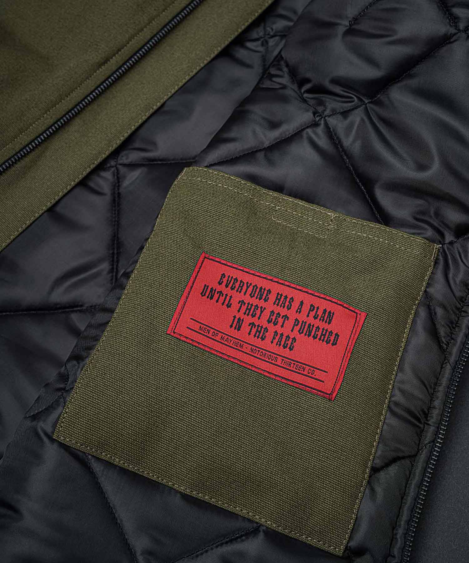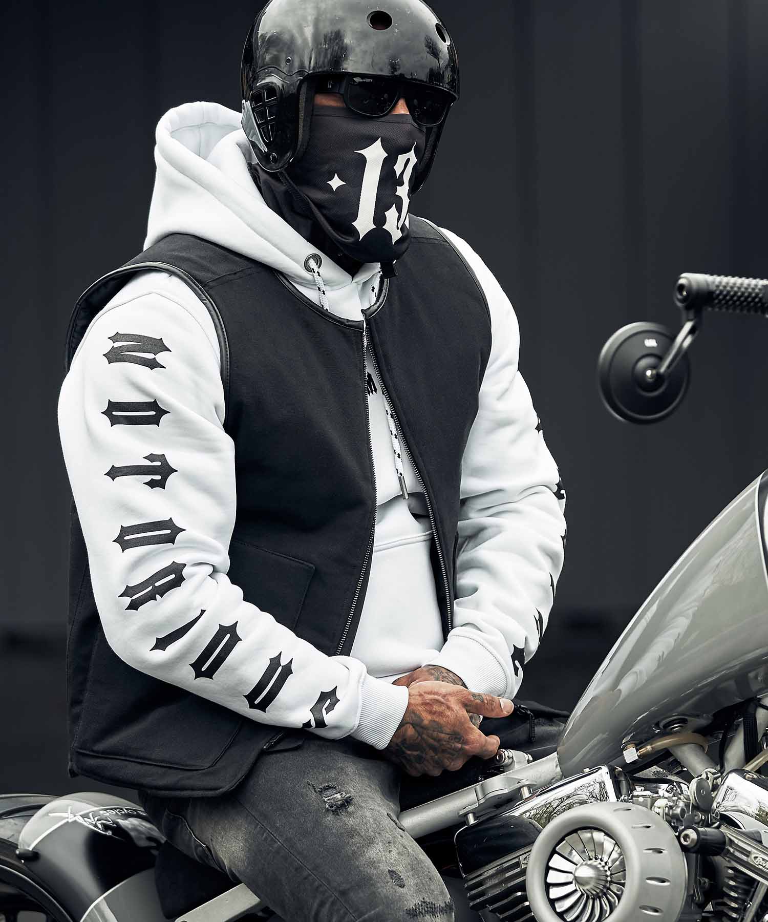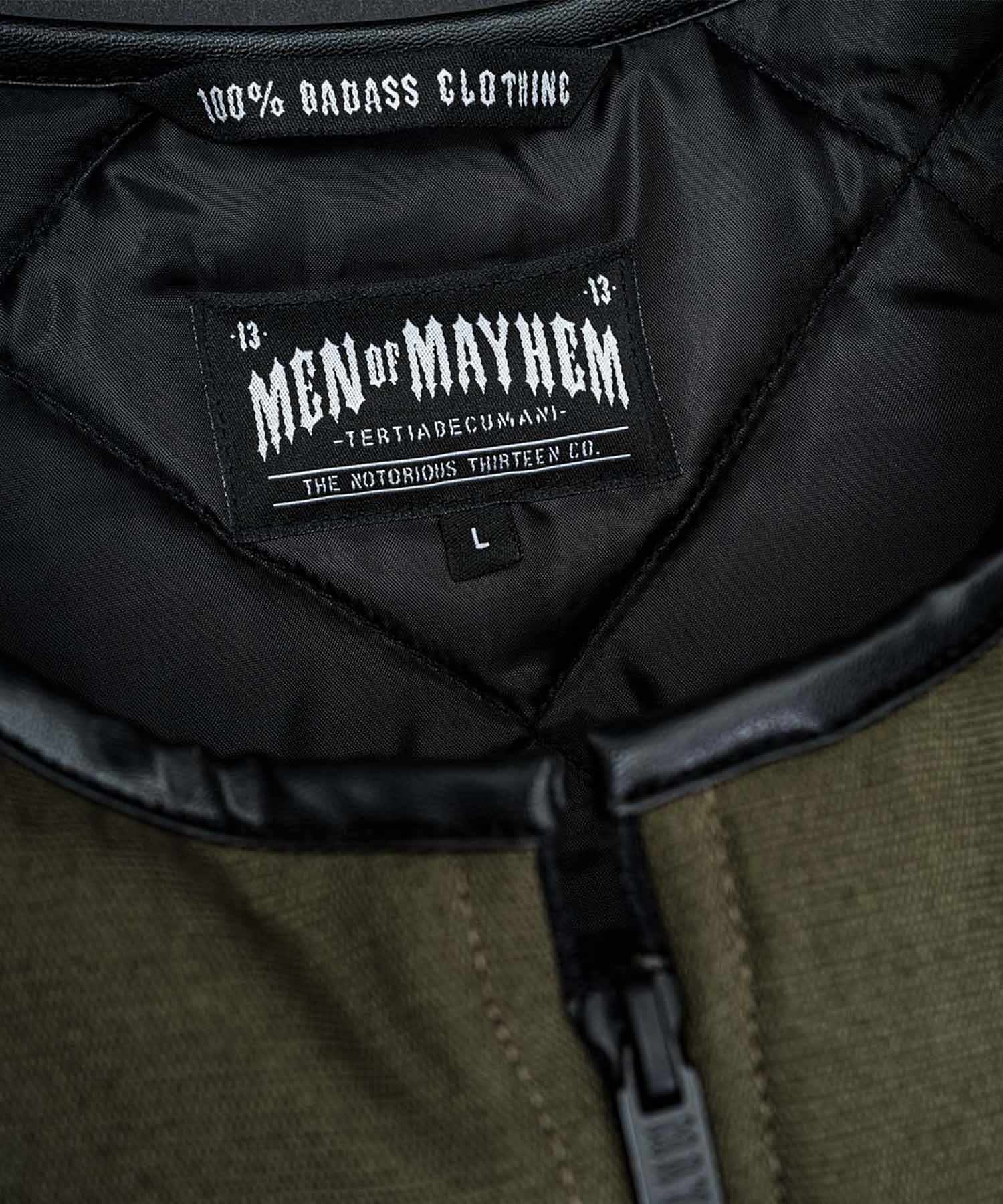 Die Weste ist nicht nur robust, sondern auch äußerst praktisch ausgestattet. Mit2 Außentaschen und 2 Innentaschen mit Klettverschluss bietet sie ausreichend Stauraum für deine persönlichen Gegenstände. Der Mayhem Skull Zipper verleiht der Weste einen markanten Look. Die angebrachte Raute mit der 13 Prägung ist aus Metall gefertigt.
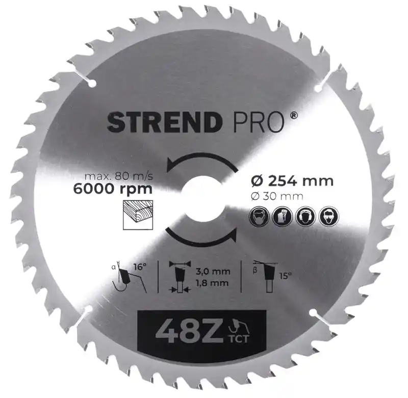 Disc Strend Pro TCT 254×3,0x30 / 20 mm 48T, pentru lemn, ferăstrău, lame SK Reduceri
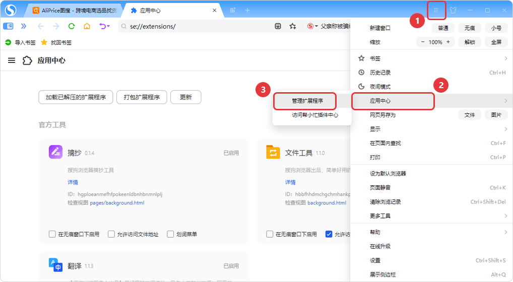 In the browser's top-right corner, click "" icon [Application Center] [Manage Extensions]

::::

Work instructions → Apart from the pictures, every line of the material above is to be returned word for word.

Answer area →
 Die Weste ist nicht nur robust, sondern auch äußerst praktisch ausgestattet. Mit2 Außentaschen und 2 Innentaschen mit Klettverschluss bietet sie ausreichend Stauraum für deine persönlichen Gegenstände. Der Mayhem Skull Zipper verleiht der Weste einen markanten Look. Die angebrachte Raute mit der 13 Prägung ist aus Metall gefertigt.
 Disc Strend Pro TCT 254×3,0x30 / 20 mm 48T, pentru lemn, ferăstrău, lame SK Reduceri
 In the browser's top-right corner, click "" icon [Application Center] [Manage Extensions]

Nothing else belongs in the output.